Weighted Averaged Stochastic Gradient Descent: Asymptotic Normality and Optimality
Ziyang Wei, Wanrong Zhu, Wei Biao Wu
TL;DR
This work develops a general theory for weighted averaged SGD, proving asymptotic normality with a sandwich covariance form $V = A^{-1}SA^{-1}$ and a weight-dependent prefactor $w$ in the limit $\sqrt{n}(\tilde{x}_n - x^*) \Rightarrow \mathcal{N}(0, wV)$. It provides online inference methods via covariance estimation and pivotal statistics, enabled by a functional CLT for partial sums. The paper analyzes concrete averaging schemes—polynomial-decay and suffix averaging—and introduces an adaptive weighted averaging scheme that achieves the optimal finite-sample MSE in a linear model while preserving the ASGD-like asymptotic covariance. Empirical results validate the CLT under various losses and demonstrate superior non-asymptotic performance of the adaptive method, highlighting a practical path to fast, statistically efficient SGD variants. Overall, the work offers principled weight design for SGD, enabling online uncertainty quantification and improved finite-sample behavior in both smooth and certain non-smooth settings.
Abstract
Stochastic Gradient Descent (SGD) is one of the most popular algorithms in statistical and machine learning due to its computational and memory efficiency.
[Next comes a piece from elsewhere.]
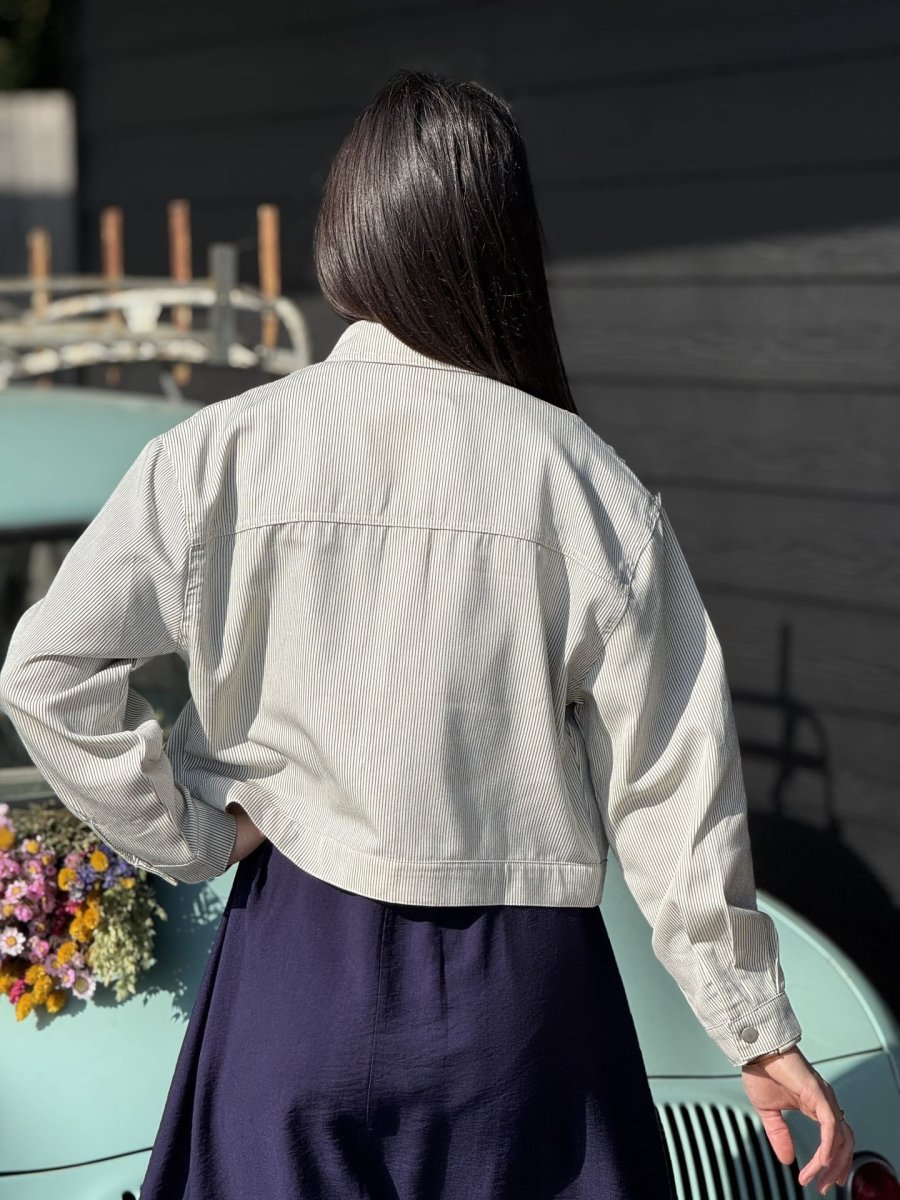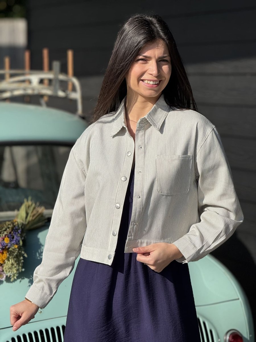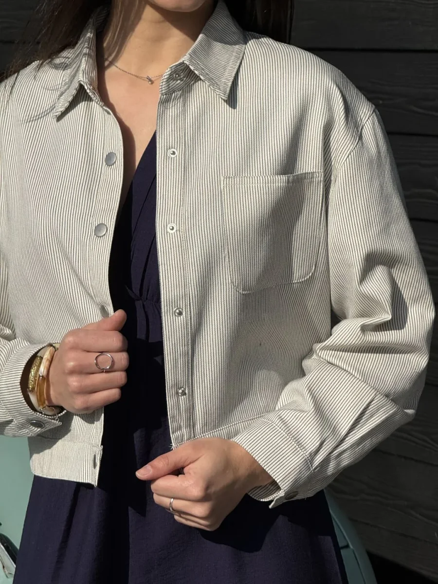- VESTE courte à ml 1 poche sur poitrine imprimé rayures + boutons
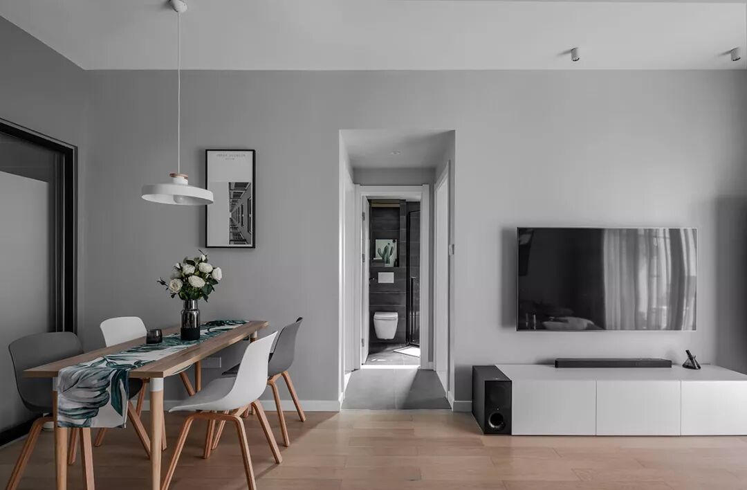 ▲简洁的木质餐桌,搭配灰白配的餐椅,在灰色墙面空间搭配下,挂上一幅简约自然的装饰画,还有一盏独特文艺的吊灯,带来的是一个舒适轻松的用餐氛围。

Various averaging schemes have been proposed to accelerate the convergence of SGD in different settings. In this paper, we explore a general averaging scheme for SGD. Specifically, we establish the asymptotic normality of a broad range of weighted averaged SGD solutions and provide asymptotically valid online inference approaches. Furthermore, we propose an adaptive averaging scheme that exhibits both optimal statistical rate and favorable non-asymptotic convergence, drawing insights from the optimal weight for the linear model in terms of non-asymptotic mean squared error (MSE).